The roofers arrived right on time this morning to begin re-roofing the shop. This daunting task will cost almost as much as buying the building, but it has to be done. Without a roof we can trust, well, the building doesn’t matter.
We still have lots more work to do, but I think our next major project will be to finish clearing the overgrowth from behind the building. Drainage is a problem, and water seeps through the wall. We have dirt about a foot and a half deep across the back of the building to haul out once we can gain access through the overgrowth, then we plan to brick the ground area and ensure water drains away from the building.
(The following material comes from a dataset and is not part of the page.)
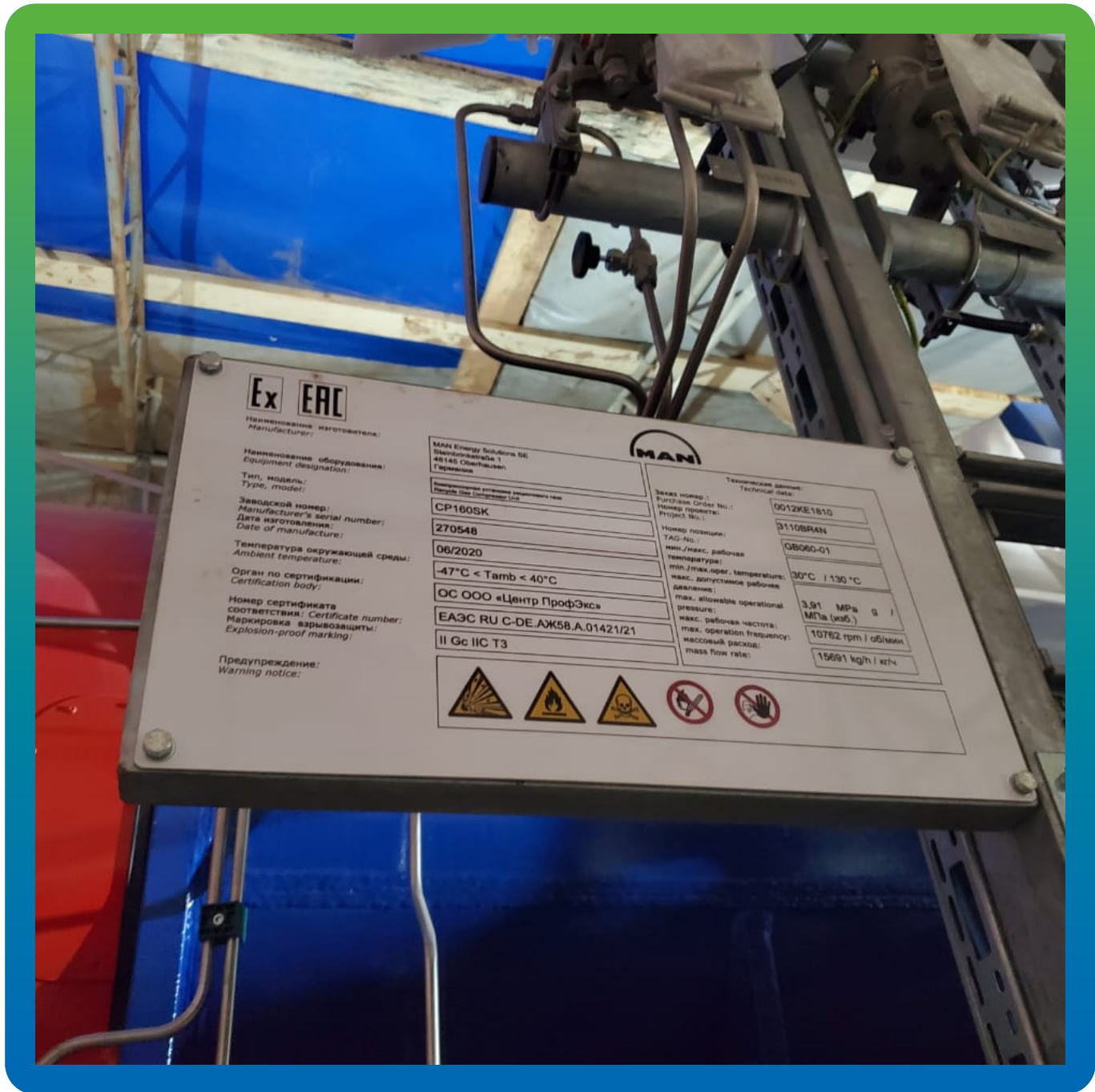
Компрессор к монтажу

After those two critical tasks, we have three other outside jobs to do on the structure. We have some reworking to do on some of the glass panels and vents on our beautiful industrial skylights. We have to rework how the front awning (not original to the building but nice to have) hangs from the building. We also have significant glass and window casing work on the side and back windows. We have temporarily hung plastic sheeting over most of the broken panes, and that made a huge difference in stopping wind from blowing into the building.
Inside? Well, the cleaning continues. Do you know what really old, water damaged linoleum looks like?
This picture doesn’t do it justice. It crumbles. I guess to make showrooms for the furniture, much of the floor was covered in different areas of linoleum. Age and water damage (that seepage problem I mentioned above) has resulted in a real mess inside. We’ve been sweeping and breaking up the big pieces and putting them in five gallon buckets. The linoleum disintegrates into small pieces which will work into the sand at the ranch to enhance our roadbed, so everything has a use.
We were working yesterday to prepare a place inside the back door for the gravel that comes off the roof (we’ll reuse that, too), and I was putting like things with like things, and I compared it to Sesame Street. Remember the old song, “One of these things is not like the other?” We made piles for wood, glass, and linoleum. We also added more bedrails to the monstrous collection we’ve already gathered. And, of course, we’ve filled several five gallon buckets with nice, fine dirt. I guess that’s what you get when you don’t dust a place for thirty years.
One other combination indoor outdoor task we have to do is peek behind the covering put over the upper windows in the front of the building. If those windows are intact, we plan to take the covering off to expose those windows and bring more light, and, possibly, ventilation, to the building. We have shades to put over them to repel heat, but we’d like the old-fashioned windows to be visible again — assuming they’re not broken or unrepairable.